START Material provided
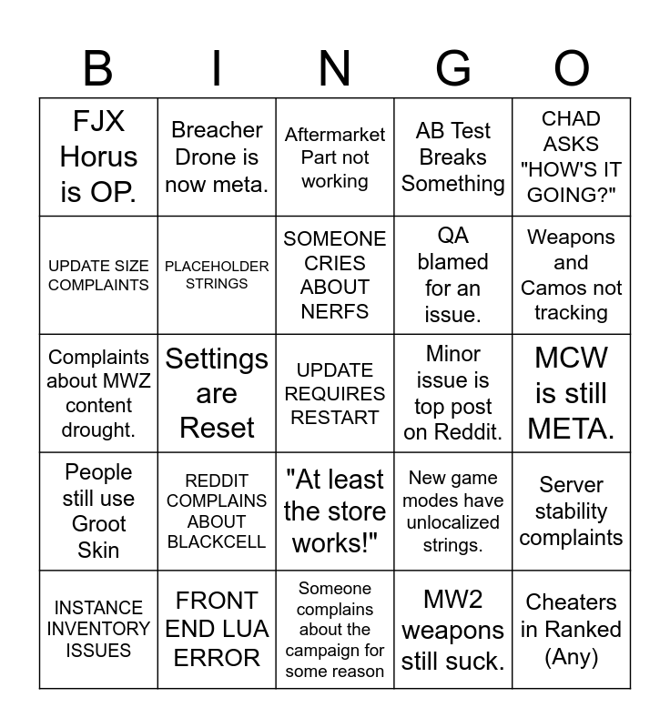 This bingo card has a free space and 24 words: REDDIT COMPLAINS ABOUT BLACKCELL, FRONT END LUA ERROR, SOMEONE CRIES ABOUT NERFS, INSTANCE INVENTORY ISSUES, CHAD ASKS "HOW'S IT GOING?", FJX Horus is OP., UPDATE SIZE COMPLAINTS, Breacher Drone is now meta., Minor issue is top post on Reddit., "At least the store works!", QA blamed for an issue., Complaints about MWZ content drought., New game modes have unlocalized strings., Server stability complaints, PLACEHOLDER STRINGS, MW2 weapons still suck., MCW is still META., Aftermarket Part not working, Weapons and Camos not tracking, Settings are Reset, Cheaters in Ranked (Any), People still use Groot Skin, AB Test Breaks Something and Someone complains about the campaign for some reason.
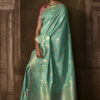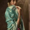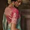 Aqua dola silk wedding saree, designed with thread, zari work enhanced by fancy lace border. The saree comes with a contrast matching blouse.
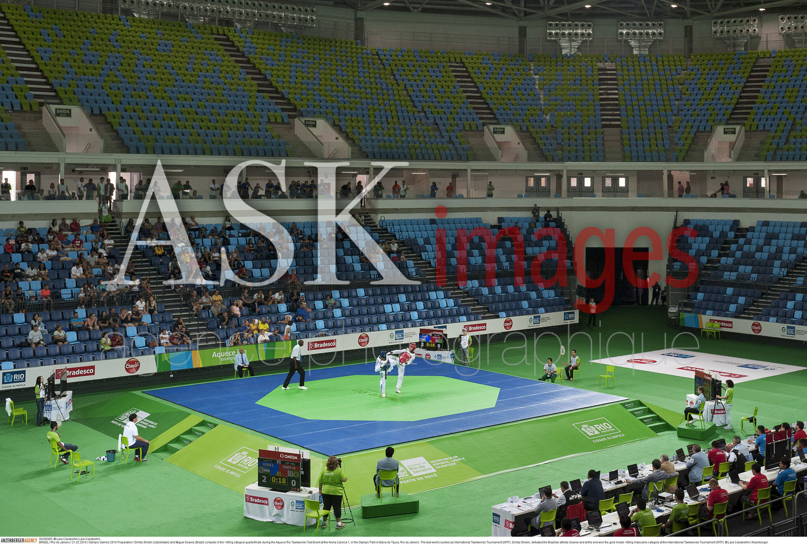 | Description | BRAZIL / Rio de Janeiro / 21.02.2016 / Olympic Games 2016 Preparation / Dmitry Shokin (Uzbekistan) and Miguel Soares (Brazil) compete in the +80Kg category quarterfinals during the Aquece Rio Taekwondo Test Event at the Arena Carioca 1, in the Olympic Park in Barra de Tijuca, Rio de Janeiro. The test event counted as International Taekwondo Tournament (WTF). Dmitry Shokin, defeated the Brazilian athlete Soares and at the end won the gold medal +80Kg masculine category at the International Taekwondo Tournament (WTF)...© Lara Ciarabellini / Anzenberger |
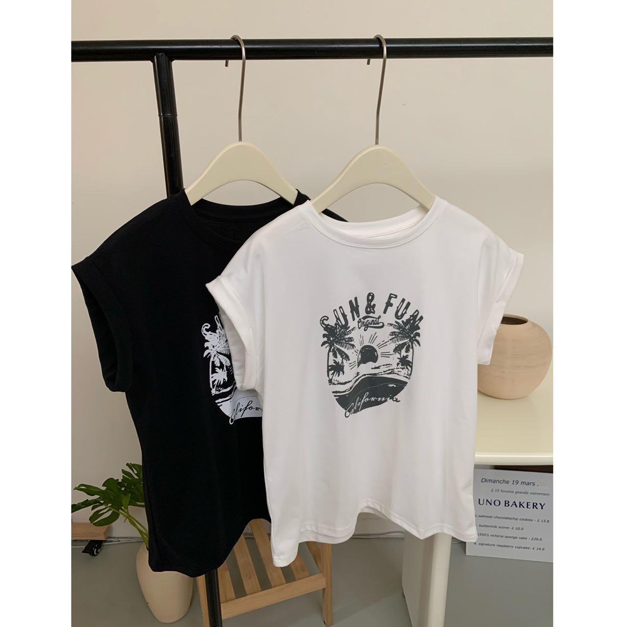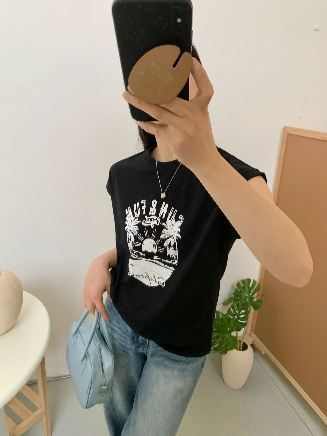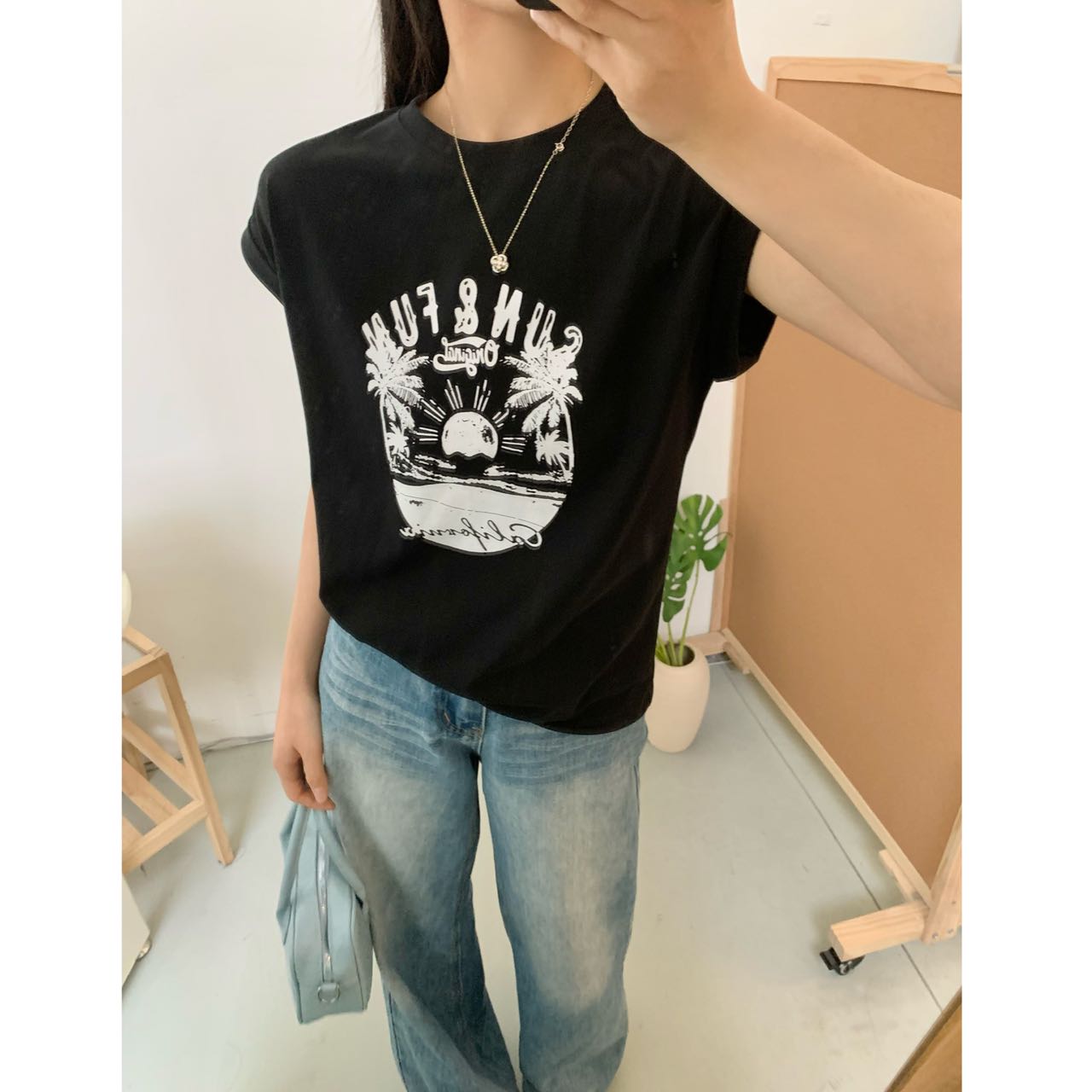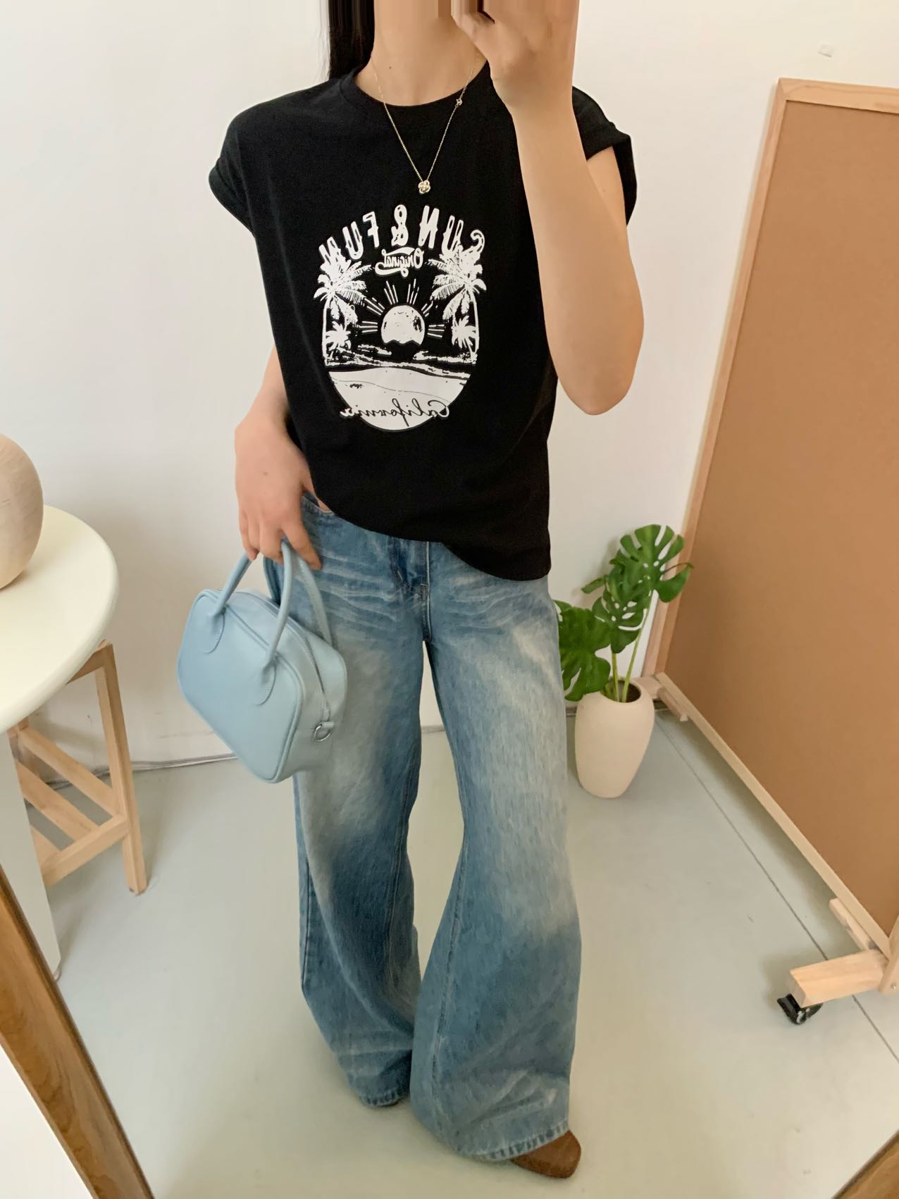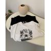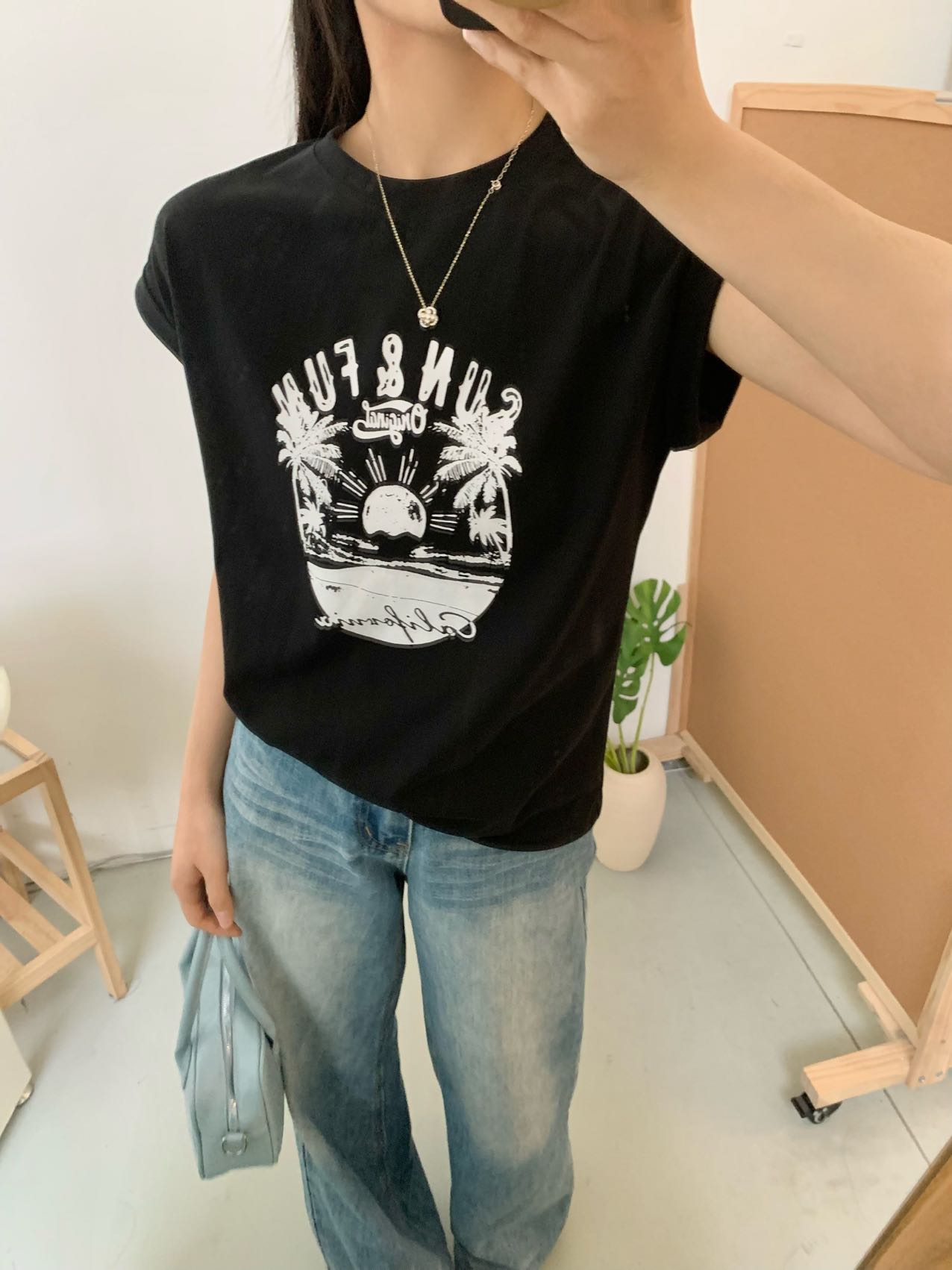 2025 Verão Nova Camiseta Estampada Retrô Americana de Manga Babado para Mulheres, Top Casual Simples e Versátil, Camiseta Básica Americana da Moda
END Material provided
- [Aim of the exercise]:
Everything from the line with "Aqua dola silk" through the final line of the material is to be returned exactly, both ends included, apart from the pictures.

- [Written reply]:
 Aqua dola silk wedding saree, designed with thread, zari work enhanced by fancy lace border. The saree comes with a contrast matching blouse.
 | Description | BRAZIL / Rio de Janeiro / 21.02.2016 / Olympic Games 2016 Preparation / Dmitry Shokin (Uzbekistan) and Miguel Soares (Brazil) compete in the +80Kg category quarterfinals during the Aquece Rio Taekwondo Test Event at the Arena Carioca 1, in the Olympic Park in Barra de Tijuca, Rio de Janeiro. The test event counted as International Taekwondo Tournament (WTF). Dmitry Shokin, defeated the Brazilian athlete Soares and at the end won the gold medal +80Kg masculine category at the International Taekwondo Tournament (WTF)...© Lara Ciarabellini / Anzenberger |
 2025 Verão Nova Camiseta Estampada Retrô Americana de Manga Babado para Mulheres, Top Casual Simples e Versátil, Camiseta Básica Americana da Moda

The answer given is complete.